To play back audio as sounds for us to hear, the computer sends the samples to a sound card, which has a DAC to decode the sample values and reproduce the analog signal in the form of an electrical current that is sent to the speakers. Pulse-code modulation (PCM) is the standard for doing this. PCM is more or less the same as the digital sampling examples above, except samples are in the form of bytes. WAVE audio files (.wav) are a PCM-based format (particularly, they use Linear Pulse-Code Modulation, or LPCM, a form of PCM with linear-quantization). The sampling rate of PCM ultimately depends on the hardware, but modern implementations typically allow us to easily choose between a number of supported rates at the software level. The same goes for bit-depth, which in PCM is typically a multiple of 8 (a byte, the smallest addressable unit of data, is 8 bits, so 8 * number of bytes).
So what sampling rate is needed to accurately produce the represented signal? According to the Nyquist-Shannon Sampling Theorem, if the highest frequency of a sampled analog signal is B, the signal can be perfectly reconstructed from a sequence of samples if the sampling rate exceeds 2B. Human hearing ranges from roughly 20 hertz to 20,000 hertz, so in the case of sound, any wave frequency we could possibly hear is reproducible with a sampling rate above 40,000 Hz.
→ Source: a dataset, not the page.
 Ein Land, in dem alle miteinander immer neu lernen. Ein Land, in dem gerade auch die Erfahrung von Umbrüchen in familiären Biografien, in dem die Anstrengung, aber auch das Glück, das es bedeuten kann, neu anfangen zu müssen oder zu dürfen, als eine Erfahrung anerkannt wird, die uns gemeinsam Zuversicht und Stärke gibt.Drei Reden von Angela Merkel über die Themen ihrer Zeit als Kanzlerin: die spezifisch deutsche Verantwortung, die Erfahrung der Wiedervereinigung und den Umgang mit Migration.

Luckily, the fancy electronics we use today are capable of easily producing, reading, encoding and decoding samples at 44.1 kHz, which most sound cards support. That’s right, an astonishing 44,100 times per second, which just so happens to be more than 40,000 Hz..go figure. Some high-end audio devices on the market today support even 192 kHz, which allows very complex, high-frequency waveforms to be accurately constructed. For most purposes, though, 44.1 kHz is quite suitable.
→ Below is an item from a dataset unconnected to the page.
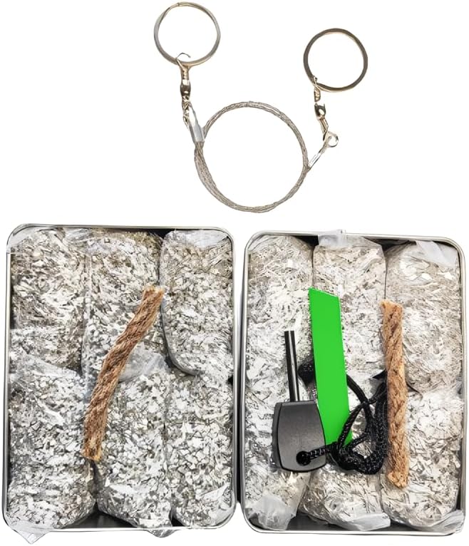 - Included Components : Tin Can, Magnesium, Wax ropes, Ferro Rod, striker, Saw Wire

As we discussed above, the higher the bit-depth, the more precise each sample can be. However, there is a trade-off. We know we want a sample rate of at least 44.1 kHz, which means our processor and sound card has to be able to continuously load/store, encode/decode, and generate samples 44,100 times per second, depending on if we are recording, playing back, or synthesizing audio (sometimes all at the same time, all while still running applications, operating system and everything else on the computer). We don’t want to compromise the sampling rate because the Nyquist-Shannon theorem tells us we need it to cover the full range of frequency humans can perceive. This means that the higher the bit-depth, the more work it takes for the computer to do each individual load/store, encode/decode, and generate operation. Computers are fast, but they are only so fast. If we want them to do this 44,100 times per second without interruption, we have to make each operation as light as possible. 16-bit depth seems to be the most common bit-depth for high-quality consumer audio, although some high-end audio equipment supports 24, 32, and even 64-bit encoding. At some point humans cannot perceive the difference, but I’m not sure what it is.
One thing to keep in mind is that when the wave is reproduced, the computer, and more specifically the DAC generating the analog signal from the data, has to “fill in the holes” between samples. There are various techniques used to do this, and obviously they work quite well, but these gaps between samples are effectively noise. When we start to do complex things with our audio signal, like amplify it, time-warp it, add reverberation and effects, and so forth, this noise becomes more and more apparent and audible. This is why above mentioned high-end equipment used in professional audio studios is capable of using ridiculously high sample rates and bit-depths. Even though humans cannot perceive the difference in the source signal, it reduces the level of noise that becomes audible later on in production.